- [TRY IT] Reproduce the records below exactly, but leave their pictures out of the copy.

- [DATASET CONTENT]

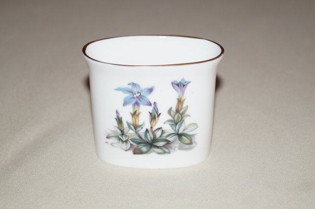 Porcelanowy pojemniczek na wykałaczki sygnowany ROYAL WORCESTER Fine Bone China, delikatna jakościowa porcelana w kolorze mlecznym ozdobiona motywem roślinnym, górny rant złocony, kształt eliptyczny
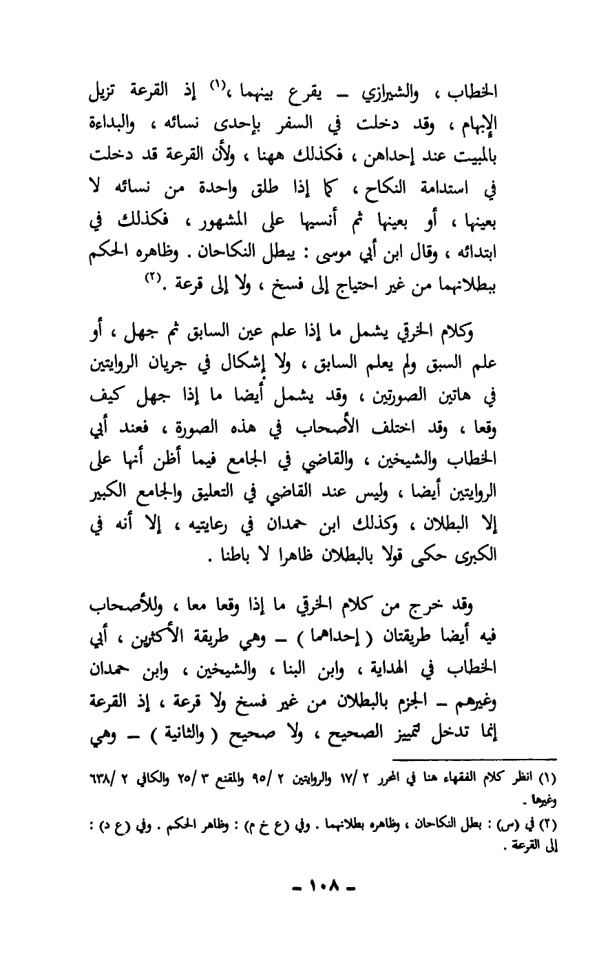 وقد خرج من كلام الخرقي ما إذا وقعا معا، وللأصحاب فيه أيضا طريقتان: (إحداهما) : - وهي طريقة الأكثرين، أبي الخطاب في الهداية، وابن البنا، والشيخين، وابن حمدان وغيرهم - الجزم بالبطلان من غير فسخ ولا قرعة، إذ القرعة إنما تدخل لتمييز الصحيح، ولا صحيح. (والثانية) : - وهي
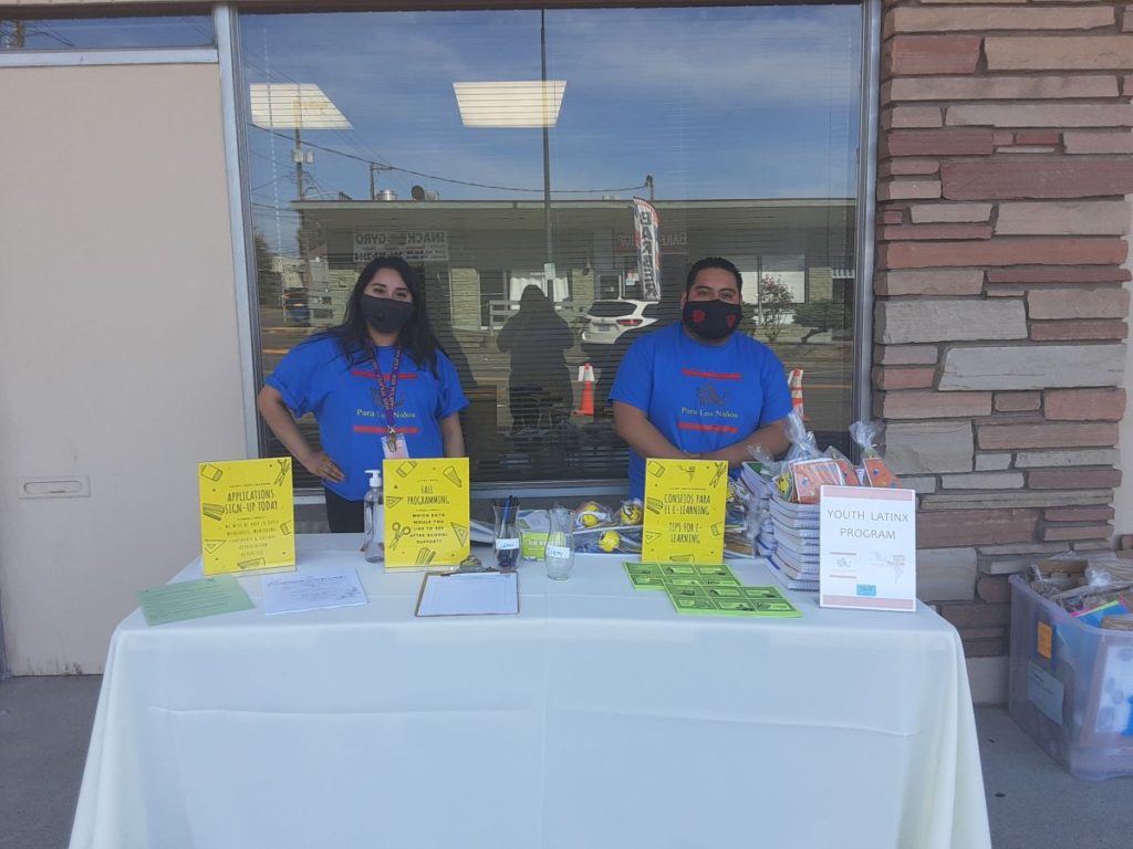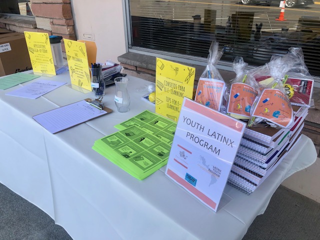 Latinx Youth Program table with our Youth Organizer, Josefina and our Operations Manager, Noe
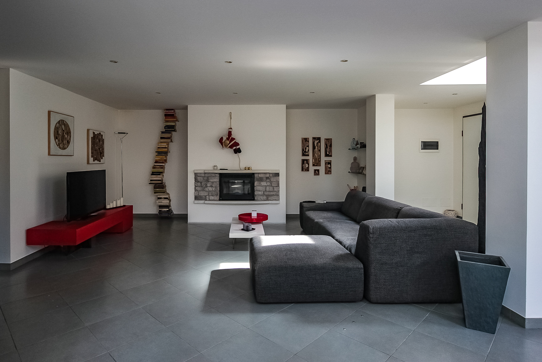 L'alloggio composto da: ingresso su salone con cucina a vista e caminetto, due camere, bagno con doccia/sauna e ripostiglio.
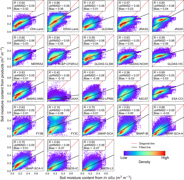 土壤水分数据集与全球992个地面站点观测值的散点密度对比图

- [RESPONSE]
 Porcelanowy pojemniczek na wykałaczki sygnowany ROYAL WORCESTER Fine Bone China, delikatna jakościowa porcelana w kolorze mlecznym ozdobiona motywem roślinnym, górny rant złocony, kształt eliptyczny
 وقد خرج من كلام الخرقي ما إذا وقعا معا، وللأصحاب فيه أيضا طريقتان: (إحداهما) : - وهي طريقة الأكثرين، أبي الخطاب في الهداية، وابن البنا، والشيخين، وابن حمدان وغيرهم - الجزم بالبطلان من غير فسخ ولا قرعة، إذ القرعة إنما تدخل لتمييز الصحيح، ولا صحيح. (والثانية) : - وهي
 Latinx Youth Program table with our Youth Organizer, Josefina and our Operations Manager, Noe
 L'alloggio composto da: ingresso su salone con cucina a vista e caminetto, due camere, bagno con doccia/sauna e ripostiglio.
 土壤水分数据集与全球992个地面站点观测值的散点密度对比图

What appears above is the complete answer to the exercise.